One of the biggest -- maybe THE biggest -- difference between using acid dyes and using fiber reactive dyes is this: acid dyes are of equal strength, whereas fiber reactive dyes require fiddling with the relative concentrations of yellow-red-blue in order to mix correctly. That's why it's taken me so long to get to this point in my self education.
For instance, with acid dyes, to mix dyes of equal depth of shade (DOS), you use the same weight of dye powder to an equal amount of water. Such as 1 gram of dye to 100 ml water, which equals a DOS 1, regardless of what color you're mixing.
With fiber reactives, reds are 3x stronger than yellows, blues are 2x stronger than yellows. So to mix an equivalent DOS with fiber reactives would require, generally and theoretically, 3 tsp yellow to one cup water, 2 tsp blue to one cup water, and 1 tsp red to one cup of water.
So I started the weekend's color swatches with lemon yellow at 3 tsp per cup water, turquoise at 2 tsp per cup water, and fuchsia at 1 tsp per cup water. I made the orange page of swatches -- like what you see at the left above -- and discovered that there was still way too much fuchsia in the mix. I did the same thing with the greens and discovered that there was also way too much turquoise in the mix for my taste. So I kept halving the fuchsia and turquoise until I got a percentage that worked for me, that subsequently mixed colors that I would use. The photo above is what I arrived at after numerous experiments with color concentration.

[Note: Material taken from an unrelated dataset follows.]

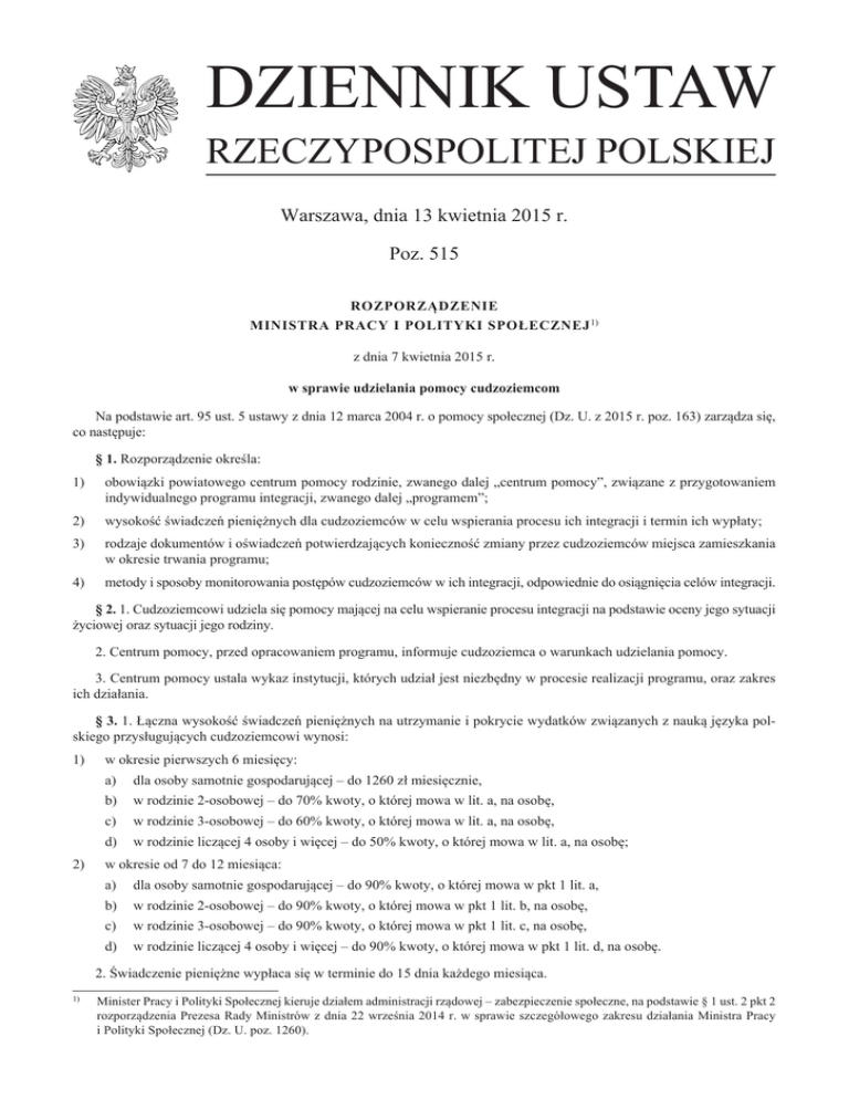 DZIENNIK USTAW RZECZYPOSPOLITEJ POLSKIEJ Warszawa, dnia 13 kwietnia 2015 r. Poz. 515 ROZPORZĄDZENIE MINISTRA PRACY I POLITYKI SPOŁECZNEJ 1) z dnia 7 kwietnia 2015 r. w sprawie udzielania pomocy cudzoziemcom Na podstawie art. 95 ust. 5 ustawy z dnia 12 marca 2004 r. o pomocy społecznej (Dz. U. z 2015 r. poz. 163) zarządza się, co następuje: § 1. Rozporządzenie określa: 1) obowiązki powiatowego centrum pomocy rodzinie, zwanego dalej „centrum pomocy”, związane z przygotowaniem indywidualnego programu integracji, zwanego dalej „programem”; 2) wysokość świadczeń pieniężnych dla cudzoziemców w celu wspierania procesu ich integracji i termin ich wypłaty; 3) rodzaje dokumentów i oświadczeń potwierdzających konieczność zmiany przez cudzoziemców miejsca zamieszkania w okresie trwania programu; 4) metody i sposoby monitorowania postępów cudzoziemców w ich integracji, odpowiednie do osiągnięcia celów integracji. § 2. 1. Cudzoziemcowi udziela się pomocy mającej na celu wspieranie procesu integracji na podstawie oceny jego sytuacji życiowej oraz sytuacji jego rodziny. 2. Centrum pomocy, przed opracowaniem programu, informuje cudzoziemca o warunkach udzielania pomocy. 3. Centrum pomocy ustala wykaz instytucji, których udział jest niezbędny w procesie realizacji programu, oraz zakres ich działania. § 3. 1. Łączna wysokość świadczeń pieniężnych na utrzymanie i pokrycie wydatków związanych z nauką języka polskiego przysługujących cudzoziemcowi wynosi: 1) w okresie pierwszych 6 miesięcy: a) dla osoby samotnie gospodarującej – do 1260 zł miesięcznie, b) w rodzinie 2-osobowej – do 70% kwoty, o której mowa w lit. a, na osobę, c) w rodzinie 3-osobowej – do 60% kwoty, o której mowa w lit. a, na osobę, d) w rodzinie liczącej 4 osoby i więcej – do 50% kwoty, o której mowa w lit. a, na osobę; 2) w okresie od 7 do 12 miesiąca: a) dla osoby samotnie gospodarującej – do 90% kwoty, o której mowa w pkt 1 lit. a, b) w rodzinie 2-osobowej – do 90% kwoty, o której mowa w pkt 1 lit. b, na osobę, c) w rodzinie 3-osobowej – do 90% kwoty, o której mowa w pkt 1 lit. c, na osobę, d) w rodzinie liczącej 4 osoby i więcej – do 90% kwoty, o której mowa w pkt 1 lit. d, na osobę. 2. Świadczenie pieniężne wypłaca się w terminie do 15 dnia każdego miesiąca. 1) Minister Pracy i Polityki Społecznej kieruje działem administracji rządowej – zabezpieczenie społeczne, na podstawie § 1 ust. 2 pkt 2 rozporządzenia Prezesa Rady Ministrów z dnia 22 września 2014 r. w sprawie szczegółowego zakresu działania Ministra Pracy i Polityki Społecznej (Dz. U. poz. 1260). Dziennik Ustaw –2– Poz. 515 § 4. 1. W przypadkach, o których mowa w art. 94 ust. 4 pkt 1 i 2 ustawy z dnia 12 marca 2004 r. o pomocy społecznej, zwanej dalej „ustawą”, cudzoziemiec składa w centrum pomocy realizującym program oświadczenie potwierdzające te okoliczności oraz przedkłada dokumenty potwierdzające zaistniałą sytuację, którymi mogą być w szczególności umowa o pracę albo dokument potwierdzający uzyskanie tytułu prawnego do lokalu. 2. W przypadku, o którym mowa w art. 94 ust. 4 pkt 3 ustawy, cudzoziemiec i pełnoletni członkowie jego rodziny składają w centrum pomocy realizującym program oświadczenie o gotowości wspólnego zamieszkania. 3. W przypadku, o którym mowa w art. 94 ust. 4 pkt 4 ustawy, cudzoziemiec składa w centrum pomocy realizującym program zaświadczenie lekarza udzielającego świadczeń specjalistycznych o konieczności leczenia wymagającego zmiany miejsca zamieszkania. § 5. 1. Postępy cudzoziemca w procesie integracji w ramach realizowanego przez niego programu są monitorowane przez pracownika socjalnego centrum pomocy, zwanego dalej „realizatorem programu”, co najmniej raz na 3 miesiące, licząc od dnia rozpoczęcia realizacji programu. 2. Postępy w integracji ocenia się w zakresie stopnia i efektywności procesu integracji w szczególności w następujących obszarach, stosownie do celów integracji określonych w programie: 1) edukacji językowej, w tym w zakresie stopnia przyswojenia podstawowego zasobu słownictwa języka polskiego umożliwiającego komunikowanie się; 2) funkcjonowania zawodowego, w zakresie postępów w poszukiwaniu zatrudnienia i innych form aktywności zawodowej umożliwiającej ekonomiczne usamodzielnienie się cudzoziemca; 3) funkcjonowania społecznego, zwłaszcza w zakresie nawiązania kontaktów ze środowiskiem lokalnym oraz stopnia udziału w życiu społecznym, kulturalnym i publicznym. 3. W celu ustalenia postępów cudzoziemca w procesie integracji realizator programu stosuje metody obserwacji, rozmowy bezpośredniej z cudzoziemcem oraz członkami jego rodziny. 4. Realizator programu może również zasięgać opinii innych instytucji i organizacji uczestniczących w procesie integracji. 5. Oceny postępów w procesie integracji są dokonywane w formie notatek służbowych. 6. W przypadku stwierdzenia braków lub niewystarczających postępów w którymkolwiek z obszarów integracji, o których mowa w ust. 2, strony modyfikują program tak, aby dostosować go do specyficznych potrzeb cudzoziemca i usunąć problemy występujące w realizacji programu. § 6. Rozporządzenie wchodzi w życie z dniem następującym po dniu ogłoszenia.2) Minister Pracy i Polityki Społecznej: W. Kosiniak-Kamysz 2) Niniejsze rozporządzenie było poprzedzone rozporządzeniem Ministra Pracy i Polityki Społecznej z dnia 9 marca 2009 r. w sprawie udzielania pomocy cudzoziemcom, którzy uzyskali w Rzeczypospolitej Polskiej status uchodźcy lub ochronę uzupełniającą (Dz. U. Nr 45, poz. 366 oraz z 2013 r. poz. 1056), które na podstawie art. 16 ust. 1 ustawy z dnia 26 czerwca 2014 r. o zmianie ustawy o udzielaniu cudzoziemcom ochrony na terytorium Rzeczypospolitej Polskiej oraz niektórych innych ustaw (Dz. U. poz. 1004) utraciło moc z dniem 1 marca 2015 r.

My final formulas for this set of color swatches:
- 3 tsp lemon to 1 cup water
- 1/2 tsp turquoise to 1 cup water
- 1/4 tsp fuchsia to one cup water
- 1 tsp black (Procion 300) to one cup water
After I make the swatches, I toss the leftover dye into one of three quart jars -- orange, green, purple -- and use that for other dyeing projects.
My next set will be with lemon yellow again, fire red, and cerulean blue. Actually, I did an entire set with those colors today, using the same formulas as above. But the colors in this case were not intense enough so I'm going to do them again, and I'm going to double the blue and red this time.